Wenn ich mir die negative Seite Ihrer Beziehung anschaue und höre, dass Sie sich dringend einen Rat von außen wünschen, kann ich Ihnen ehrlicherweise nur raten: Finger weg. Ihre Beziehung basiert nicht auf Vertrauen, auf guter Kommunikation, auf gegenseitigem Verständnis und gemeinsamen Plänen. Worauf basiert Sie eigentlich dann? Wissen Sie, was die ungeheure Anziehungskraft ausmacht, die Sie immer wieder in die Arme Ihrer Freundin treibt? Es ist sehr wichtig, dass Sie dieser Anziehung auf den Grund gehen- vielleicht erinnert Ihre Freundin Sie an jemanden aus Ihrer Kindheit, mit dem Sie ein ähnlich kompliziertes Verhältnis hatten, das Sie nun wiederholen? Oder haben Sie das Gefühl, dass Sie Ihrer Freundin helfen müssen, da sie ohne Sie verloren wäre?

Ich befürchte, dass Sie nicht der Richtige sind, um Ihrer Freundin zu helfen. Sie schreiben ja selbst, dass Ihre vielen Trennungsversuche und das ganze Hin- und Her die Sache noch viel schlimmer gemacht haben. Wenn Sie Ihrer Freundin freundschaftlich das Geld für die Kaution leihen oder schenken wollen, ist das eine Sache, aber eine instabile Liebesbeziehung mit jemandem zu führen, der in so einer psychischen Krise steckt, ist eine massive Überforderung.

Ihre Freundin hatte die zahlreichen Probleme schon lange vor Ihnen, und in der engen Beziehung mit Ihnen kommen diese Probleme mit Nähe und Distanz, Vertrauen und Misstrauen, Angst und Sehnsucht etc. wieder an die Oberfläche. Ihre Freundin braucht dringend psychologische Unterstützung, und ich hoffe, dass sie mittlerweile verstanden hat, dass sie nicht nur aus Liebe zu Ihnen in Therapie bzw. in die Psychiatrie geht, sondern aus einem starken eigenen Bedürfnis, um wieder alleine auf die Beine zu kommen.
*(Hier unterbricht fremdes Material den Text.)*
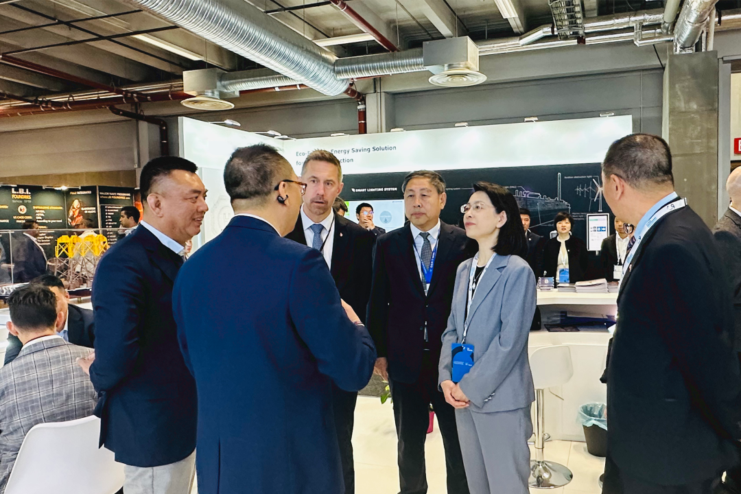 研讨会后,中国驻挪威大使侯悦、挪威贸易、工业和渔业部国务秘书埃文·萨格巴肯特别到访大金重工展位现场(D06-27),大金重工董事长金鑫带队接待,双方围绕加强行业交流、支持企业发展、推动绿色转型等内容展开深入探讨,旨在促进大金重工与挪威企业深入合作,助力大金重工在绿色能源领域实现更大突破。

Wenn Sie Angst haben, dass Ihre Freundin sich bei einer endgültigen Trennung etwas antun könnte, sollten Sie darauf drängen, dass Sie in der Psychiatrie mit den behandelnden Psychologen bzw. Psychiatern ein Gespräch zusammen mit Ihrer Freundin führen und über Ihre Trennungsabsichten sprechen. Es ist sehr wichtig, dass Sie zusammen das Risiko für einen Suizid abschätzen und Maßnahmen erarbeiten, um Ihre Freundin zu stabilisieren. Dabei müssen auch Sie sich die Unterstützung der behandelnden Psychologen suchen.